David Holmgren and Tim Loveday, Radius Gallery, Words in Winter festival.
Photo: Catie Payne
Congratulations to Tim Loveday for writing the winning poem of the 2023 Venie Holmgren Environmental Poetry Prize, i watch a cat choke / call it [redacted].
The judges highly commended the following poems: Burn Over by George Yankovich and Mambenha Paaka: Crying the River by Brenda Saunders.
A huge and heartfelt thank you to this year’s judges, Alison J Barton and Peter O’Mara. Here is what Peter had to say about the poems overall:
As with life, the 2023 Venie Holmgren Environmental Poetry Prize poems invoke our essential being.
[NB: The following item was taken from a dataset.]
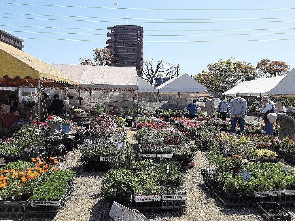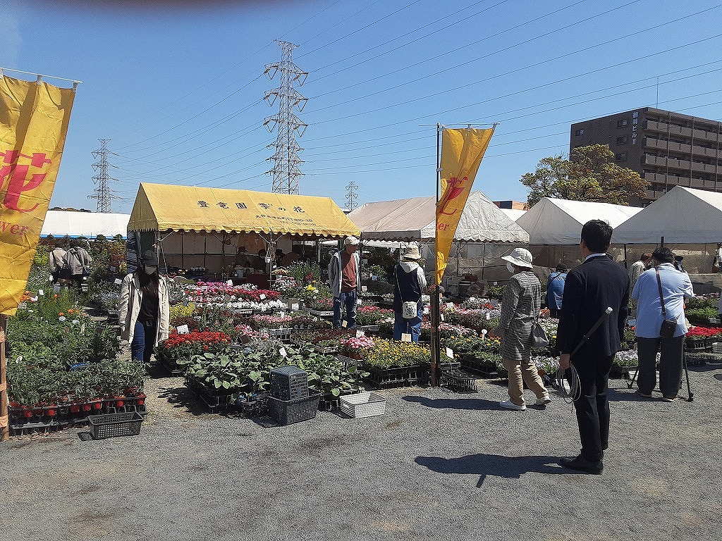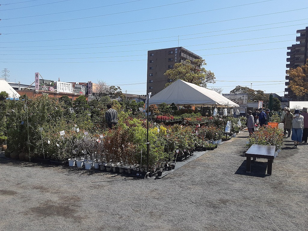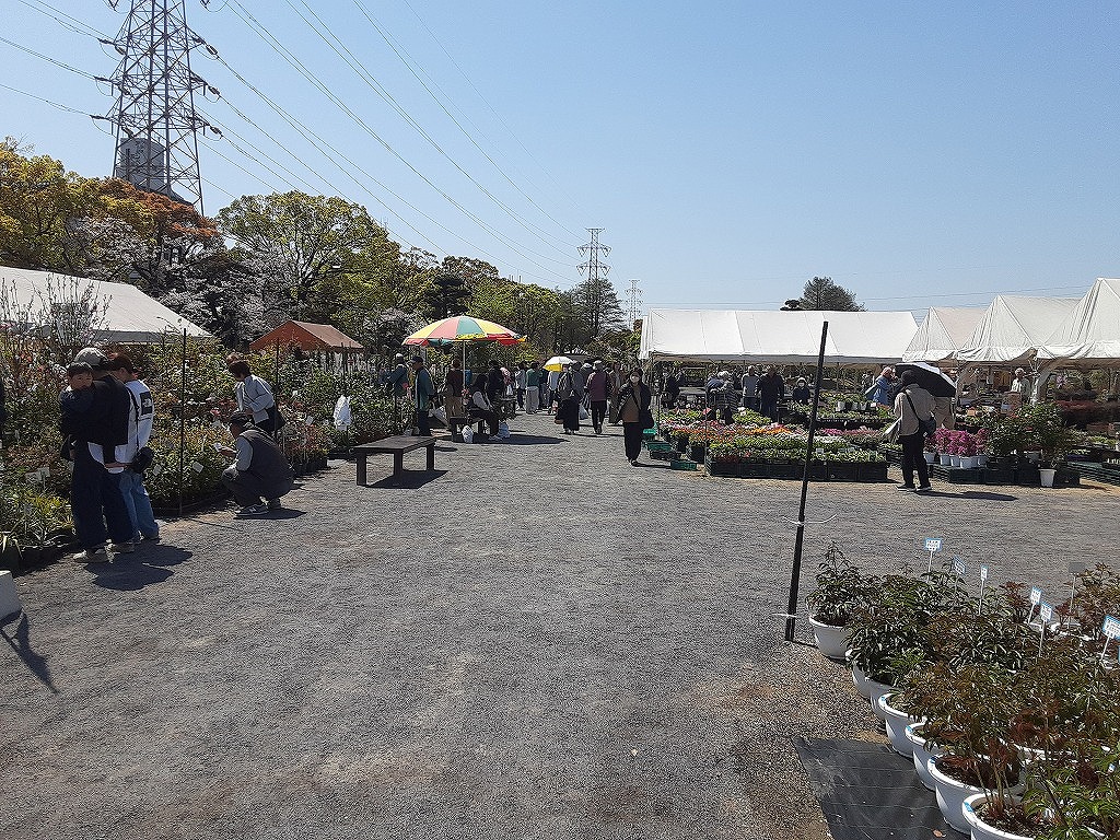 4月8日(水)午前中、平和市民公園の桜を見に行きました。先週末から満開になり今が見ごろです。平和市民公園の多目的広場では「第34回みどりのふれあいいち」が開催されていました。昨日の4月7日からGWあけの5月6日まで開催されます。花や野菜の苗、庭木の販売がされており、盆栽や、数社による庭の展示もされていました。中央の広場では飲食コーナーがあり、 焼きそばなどが販売されていました。

A poetic complex of human condition & nature, openly posited in uncertain times. Into such contested mix, feelings of sorrow, joy, wonder, revision, responsibility, and at times, outrage. Within this, authentic voice seeking reciprocal meaning and renewal. At times tender, sometimes not, but never lacking in intent or hopeful gestalt. Much like an existential knot, at times pulled tight and in other, untied with a gentle release to both ends. In moments, just observant unfold. Maybe an affirmative call to action, simple produce collected from the garden or imbued recall to nature. Always valid & inspired. As I imagine, exactly what my poet-friend Venie would ask for.
And here is what Alison had to say about the winning poem:
‘i watch a cat choke / call it [redacted]’ is an art-piece visually, literarily, linguistically and grammatically. It is a dense, poetic expedition into the familial, the mammalian, the natural world and that which disturbs these realms. With such broad subject matter, we are invited to consider the suburban, the domestic and then the philosophical, the juxtaposition of which has us questioning, turning, attuning to and even destroying our suppositions.
As my co-judge put it, the poem’s use of grammar and repetition of the redaction technique, using slashes and square brackets, is disruptive and that for us represented where we are at now in the modern community, the modern society, indeed the world. But where it is disruptive, it is also smooth with clever wit. It takes us from the micro to the macro of the now, the present, from the family to the planetary asking us, is there a difference between the magnitude of the two?
Tim’s unique phrasing gives us images of mothers watering bone-dry buffalo, of silhouettes scaling ladders, skies blurring and windows without exits. The poem is a beautiful and monumental achievement in environmental literature and, among a tough field of competitors, was for us the standout winner.
Thank you to all those who entered this year’s Venie Prize, and all those who attended the Prize announcement event at the Words in Winter festival on Sunday.